TASK TO CARRY OUT -> Skip the pictures, please, and write out exactly the lines from the opening of the data through the line containing "- 1月26日(周日)、2月8日(周六)按国家规定正常上班。".

INFORMATION SHOWN ->
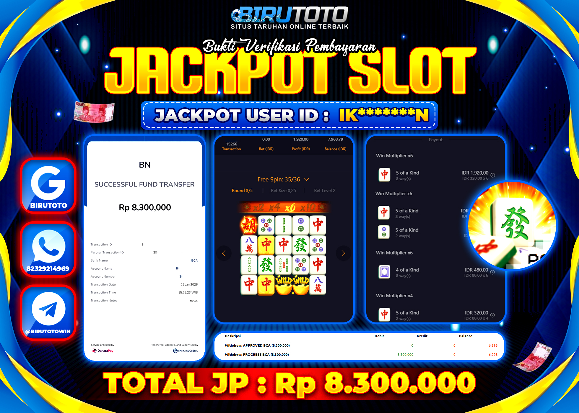 BIRUTOTO JACKPOT SLOT MAHJONG WAYS Rp.8.300.000 LUNAS
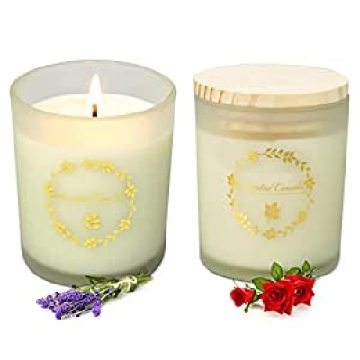 Lavender & Rose Scented Soy Aromatherapy Candles Gifts for Women, 10.6 oz 2 Pack 70 Hours Burn
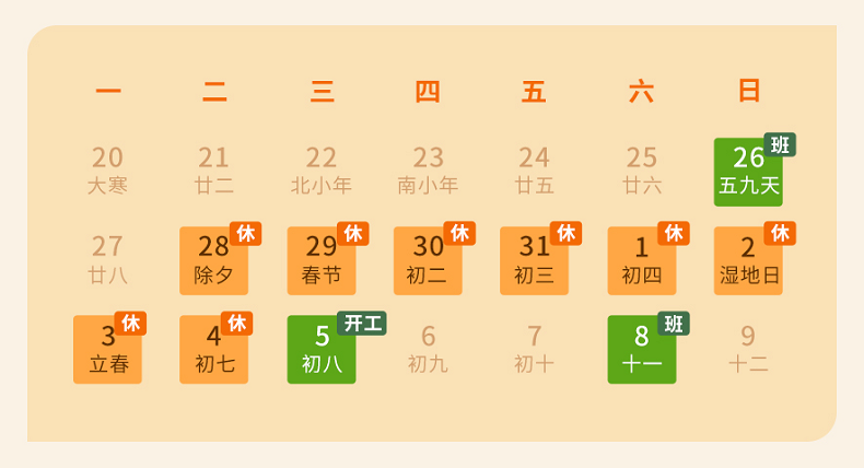 - 1月26日(周日)、2月8日(周六)按国家规定正常上班。
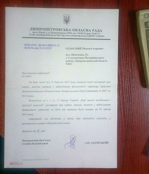 Максим Голосной на своей странице в Facebook сообщил о том, что Днепропетровскому областному совету, депутатом которого является Олег Захорольский, ничего не известно о его депутатской деятельности.

YOUR RESPONSE ->
 BIRUTOTO JACKPOT SLOT MAHJONG WAYS Rp.8.300.000 LUNAS
 Lavender & Rose Scented Soy Aromatherapy Candles Gifts for Women, 10.6 oz 2 Pack 70 Hours Burn
 - 1月26日(周日)、2月8日(周六)按国家规定正常上班。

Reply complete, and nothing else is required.